I Had a Sleep Paralysis Demon. Here’s What It

Possibly you’ve seen the meme: “That is my sleep paralysis demon: [insert photo].” The viral idea builds on a really real condition through which an individual is conscious but unable to maneuver. In some cases, people experiencing sleep paralysis have frightening and even recurring visions. Often called sleep paralysis demons, these terrors don’t haunt nightmares, but reality. Unfortunately for me, I had my very own sleep paralysis demon. The one problem (well, besides the bone-chilling looming presence in my bedroom)? I had no idea what it was until seven years later (but more on that later).
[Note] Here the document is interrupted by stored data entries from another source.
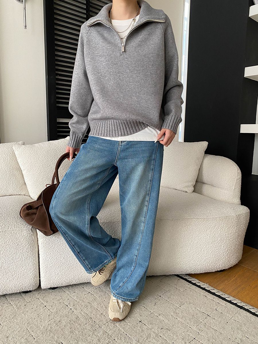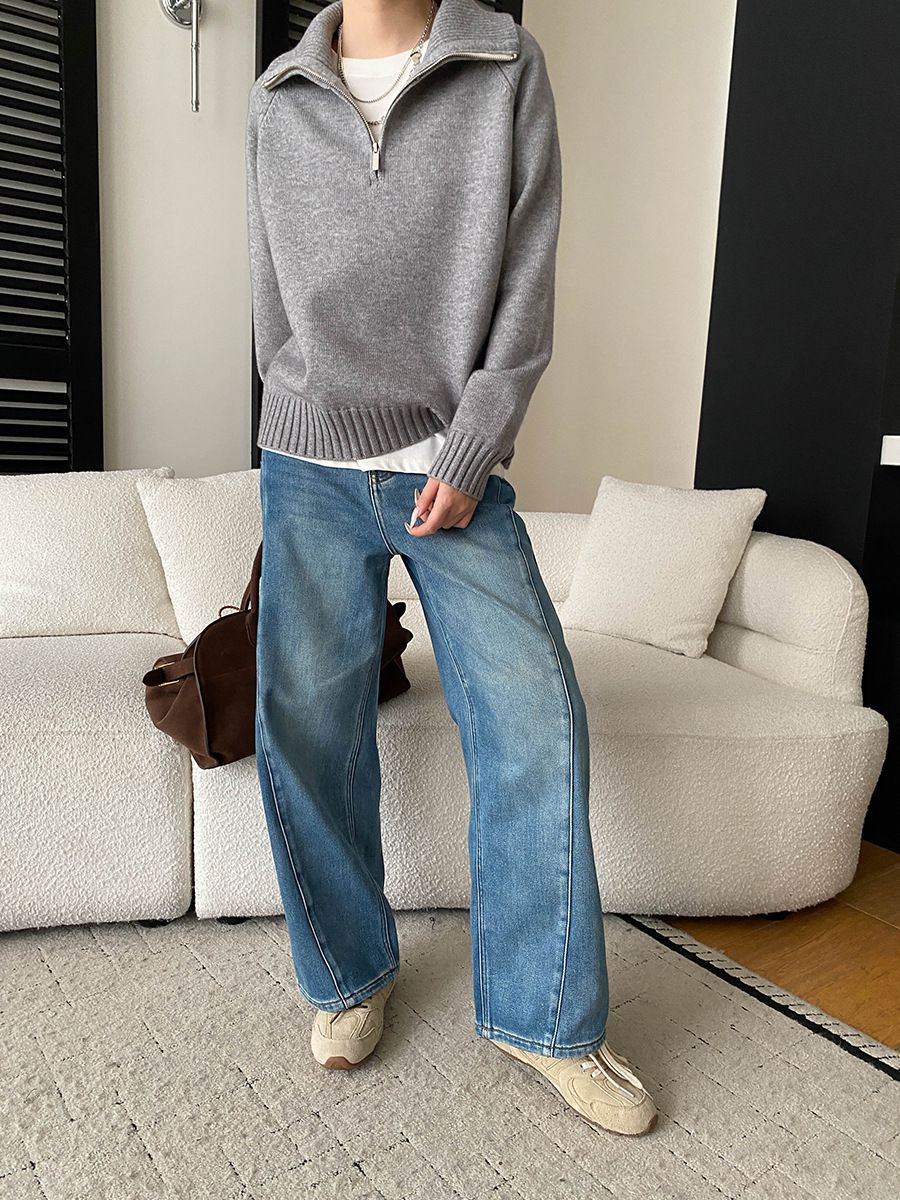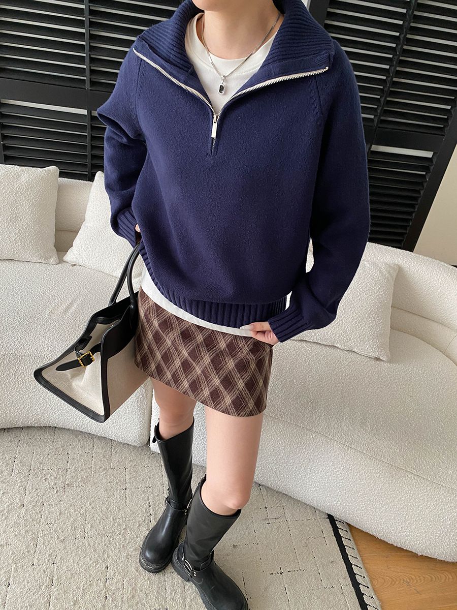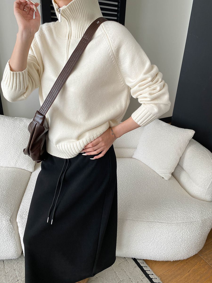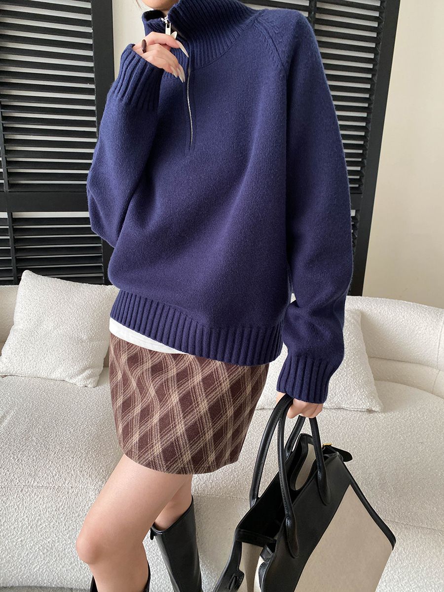 半開襟拉鍊領/立領.高領/連肩袖 - 休閒居家簡約百搭素面拉鍊立領針織衫針織上衣厚磅半開襟高領長袖上衣黃色米白色淺灰色深灰色深藍色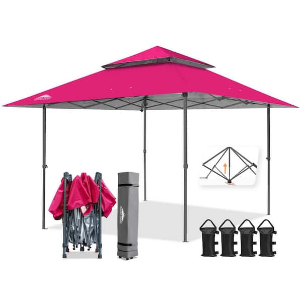 13 ft. x 13 ft. Straight Leg Outdoor Pop Up Canopy Tent with Auto Extending Eaves and 4-Sand Bags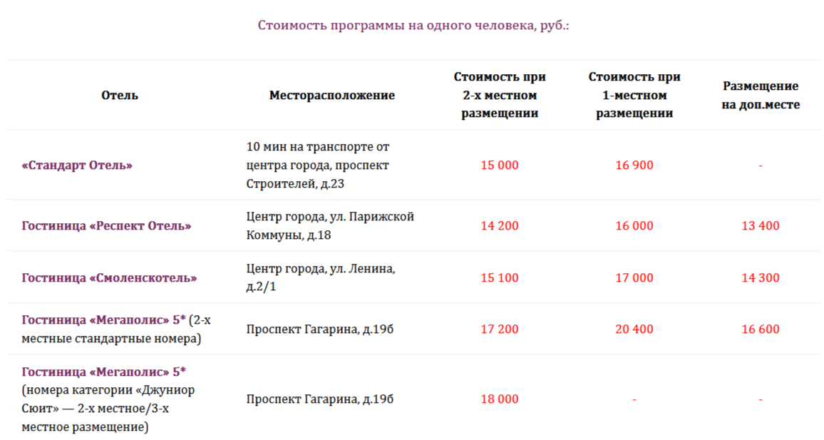 ** интерактивной программой «Чаепитие с Василием Теркиным» состоится при составе группы от 10 человек. *** В случае отсутствия туристов из г. Санкт-Петербург, прибывающих поездом, экскурсии начинается с момента встречи гостей на ж/д. Размещение туристов осуществляется после экскурсий. Порядок предоставления экскурсий может меняться при соблюдении объёма предоставляемых услуг. Рекомендуемые поезда: Санкт-Петербург — Смоленск, поезд 087А (отправление в 21:09, прибытие В Смоленск в 12:48) Москва – Смоленск, поезд «Ласточка» 715М (отправление в 07:15, прибытие в г. Смоленск в 11:17) Смоленск – Москва, поезд «Ласточка» 732М (отправление в 18:40, прибытие в Москву в 22:45) Туристы из Санкт-Петербурга в день окончания тура могут доехать до Санкт-Петербурга: 19:00 Прямой автобус Смоленск — Санкт-Петербург (компания «Эколайнс»), прибытие в Санкт-Петербург в 06:00 Железнодорожным транспортом с пересадками:

I used to be a 20-year-old sophomore living in mandatory on-campus housing the 12 months I got here face-to-face with my sleep paralysis demon. After a protracted day of classes covering dense readings I didn’t fully comprehend (or finish for that matter), my anxiety from the workload and tight deadline was snowballing like the strain in a Stephen King novel. But, like every good horror story, bad decisions were made. There was a FIJI house party calling my name (my unhealthy coping mechanism), and FOMO to this particular college student took priority over chronic sleep deprivation.

And although I used to be exhausted and overwhelmed with all my looming assignments, I figured a 30-minute nap would do this trick before the pregame—short enough to present me time to compensate for a few of my work but long enough to present my brain a much-need zhuzhing. The massive sectional sofa in our front room appeared like a protected spot. My very own bed was a dangerous option where’d I’d get too comfortable and sleep too long. Plus, our apartment’s heavy and creaky front door would easily wake me as soon as my roommates returned home. And so, I let my mind drift off.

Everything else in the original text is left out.